For example, the default configuration does not deliver spam to users, but place them in quarantine. To change this behavior, we modify the following parameters in dspam.conf:
Preference "spamAction=tag" # { quarantine | tag | deliver } -> default:quarantine Preference "spamSubject=[SPAM]" # { string } -> default:[SPAM] Preference "tagSpam=on" # { on | off } Preference "tagNonspam=off" # { on | off }
There are many of those preferences, You can decide to leave the possibility to the users to modify them by setting:
AllowOverride spamAction AllowOverride spamSubject AllowOverride tagSpam AllowOverride tagNonspam
It is also possible to remove the DSPAM signature from messages via this preference:
Preference “signatureLocation=message” # { message | headers } -> default:message
However, this signature is quite handy for re-training messages, as we shall see later. So it's recommended to leave it until you have a better solution to retrain spam.
- Ignore some headers
Since DSPAM will take the entire email into accounts when calculating probabilities, it might be interesting to ignore some specific headers. For example, another antispam's headers, a DKIM signature, a date or a user agent might not be very useful to determine whether or not an email is a spam.

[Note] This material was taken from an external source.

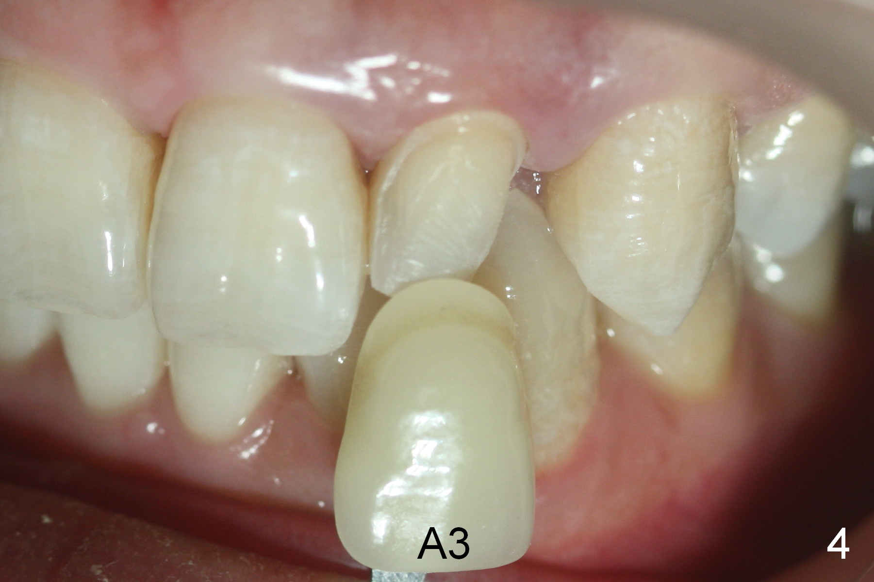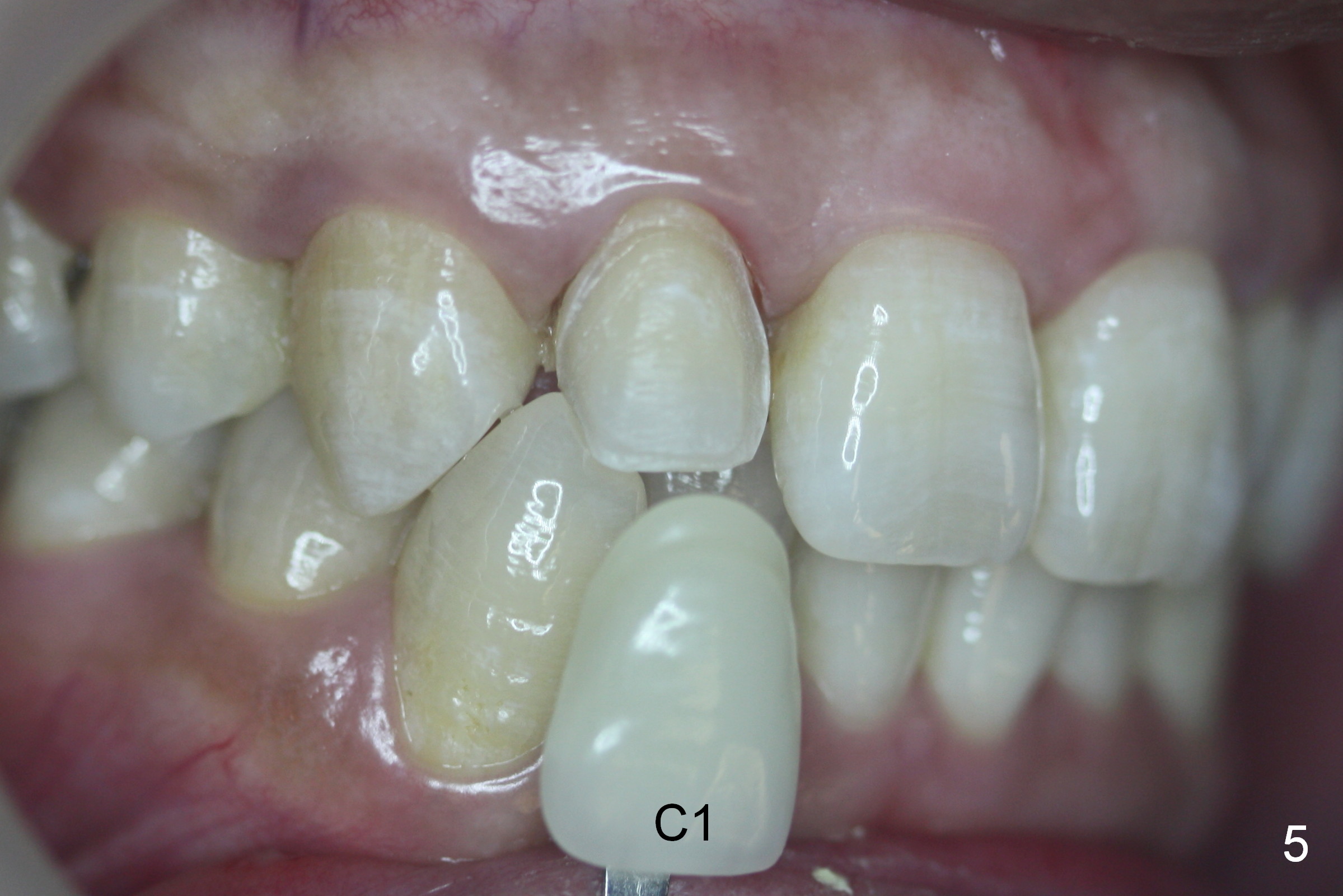 Clinically, C1 appears to be the most appropriate shade for this case (body and incisal portion, Fig.5), while A2 for the cervix (Fig.6). Please call me about the proper material for veneers after you review the case. Thanks.

The configuration example that follow include an extensive list of headers that can be safely ignored. Feel free to expand/reduce this list.
- dspam.conf
Your final configuration file should look like the listing below. Many options are configurable, but for a quick overview, this configuration is functional. Note that we are using the Hash Driver. If you want to use another backend, you need to edit this configuration.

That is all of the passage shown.